And Lord help me, I have no earthly clue what anyone is talking about in this fiasco when it comes to the technical and pop culture references.
And that's part of the story. It's not that the media didn't dig deep enough, and it's not that there weren't enough questions asked about the legitimacy of the relationship; it's that no one even knew that something was there to ask.
Old fart media types weren't possibly able to grasp that a love-of-the-life relationship could've been had strictly by phone, texting and social media, and no one still seems able to quite get exactly how this all came about in the first place. Apparently, a lot of what happened in the Te'o case isn't all that out of the norm, and through most of this story, I've used people almost half my age to help translate – excuse me, stewardess, I speak Generation i.
This is truly a case of the squares not being cool enough to comprehend what these crazy kids are up to.
However, while I might lean more to the pathetic aging hipster side than the wannabe cool dad who actually listens to most of the bands at Lollapalooza – and knows enough to get that most of the headliners are weak – there's one side of the tech-filled controversy that I understand 100% and find to be the weakest part of the mess that is Te'o's excuse – the picture was blocked on Skype? Try that again, son.
One month before she died, my 89-year-old grandma figured out Sykpe, and that was a few years ago before the thing actually worked.
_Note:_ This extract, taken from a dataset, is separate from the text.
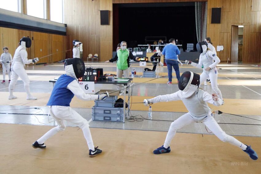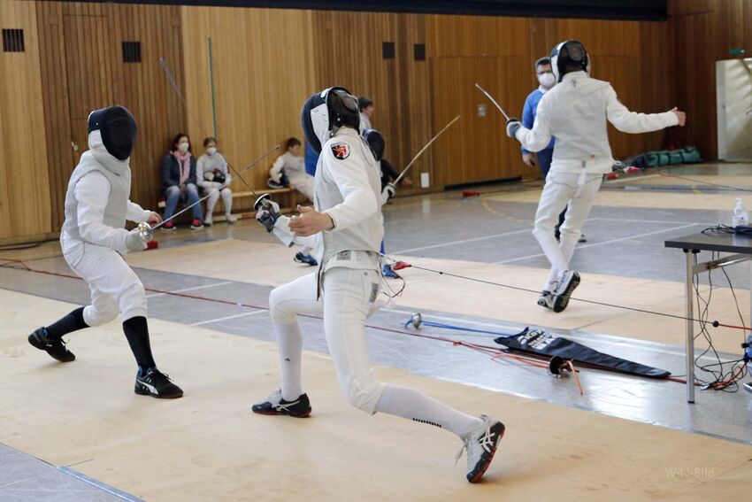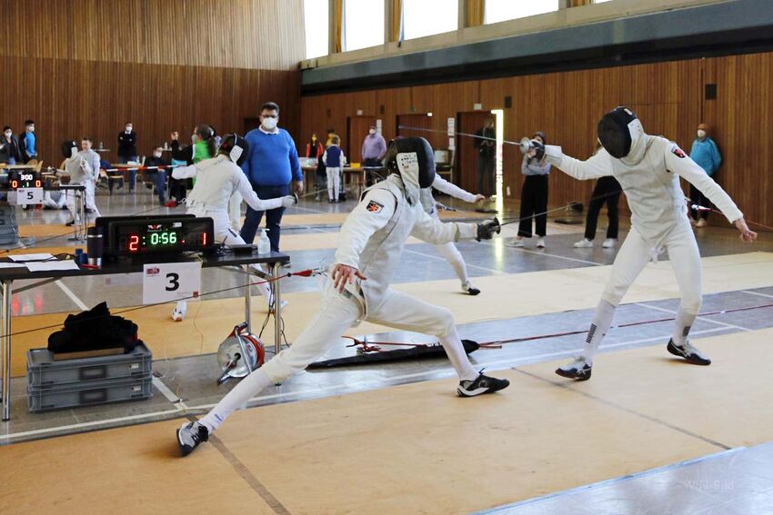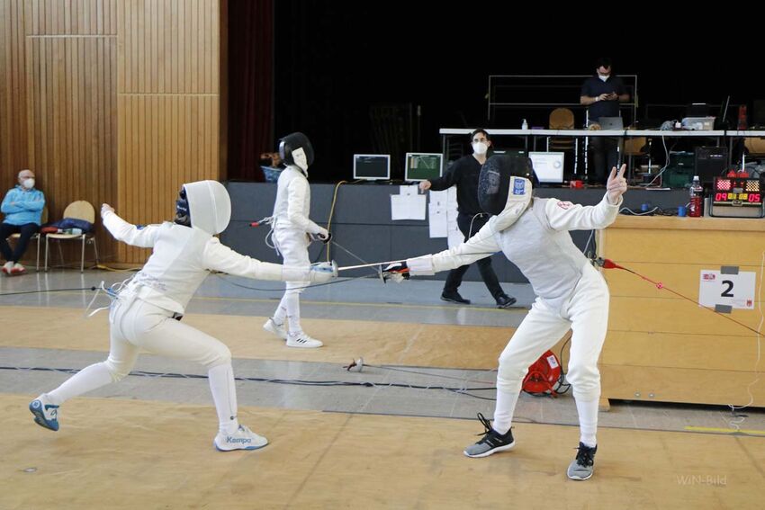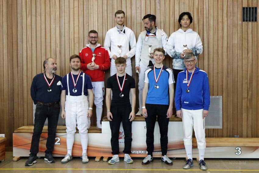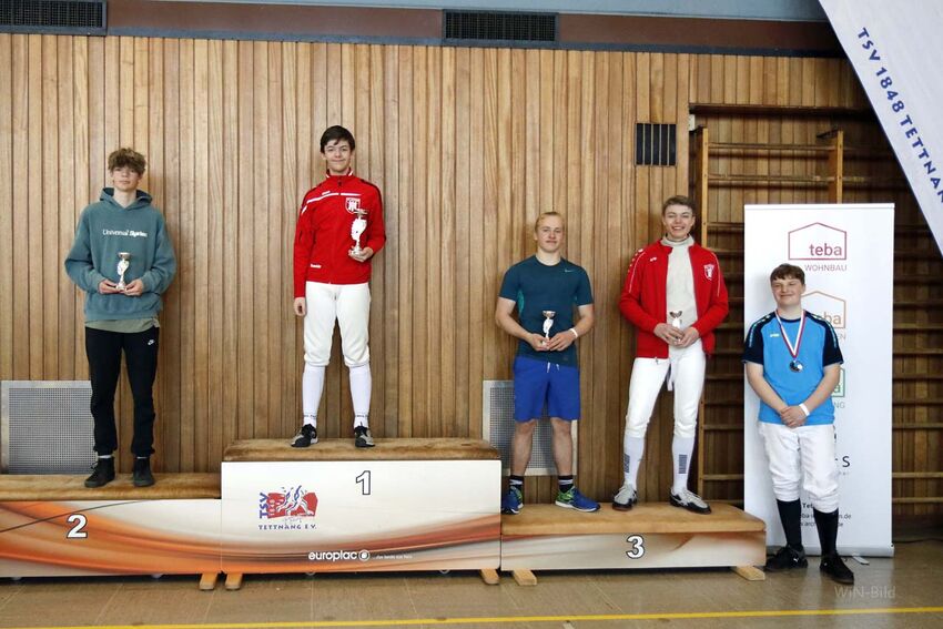 Die routinierten U17-Herren des Gastgebers lieferten sehenswerten Fechtsport. Ins Halbfinale können nur vier Fechter und so war für Lars Strasser auf Platz fünf das Turnier beendet. Die anderen vier Tettnanger Leander Pechar, Ruwen Schmidt, Finn Wattenbach und Alexander Neumeister hatten mit dem Halbfinale schon die Podestplätze sicher. Wattenbach und Neumeister ließen sich den Finaleinzug nicht nehmen und verwiesen Schmidt und Pechar auf die Bronzeränge. Im Finale zeigten beide Kontrahenten ihr Können und ließen auf schnelle Angriffe Paraden und Gegenangriffe folgen ehe Alexander Neumeister gewinnen konnte.

Soldiers in Afghanistan are able to talk over a computer to their loved ones. My five-year-old knows how to FaceTime, and just about every phone and computer has a camera of some sort, so don't try slinging this idea that this high-end, 2012 futuristic relationship came about and Te'o wasn't able to see her on some iDevice.
Sorry, but the love of his life was dying of leukemia, he went to bed at night with the phone on his ear, and he didn't do everything humanly possible to chat face-to-face? I'll buy the naïve and sucker act, but not that far.
I've been told by several youths that having a strictly electronic relationship isn't all that crazy, but the human element is still the human element and if Te'o is really and truly telling the truth, then more than anything else, that's just sad.
I always thought that when I got to this age I'd be dying to be 22 again, and in some ways, I am – I'd give just about anything to have my knees back. But having been part of the last college graduating class that never used the Internet, and knowing just how much it sucked to have five channels of TV with no remote control, I'm good.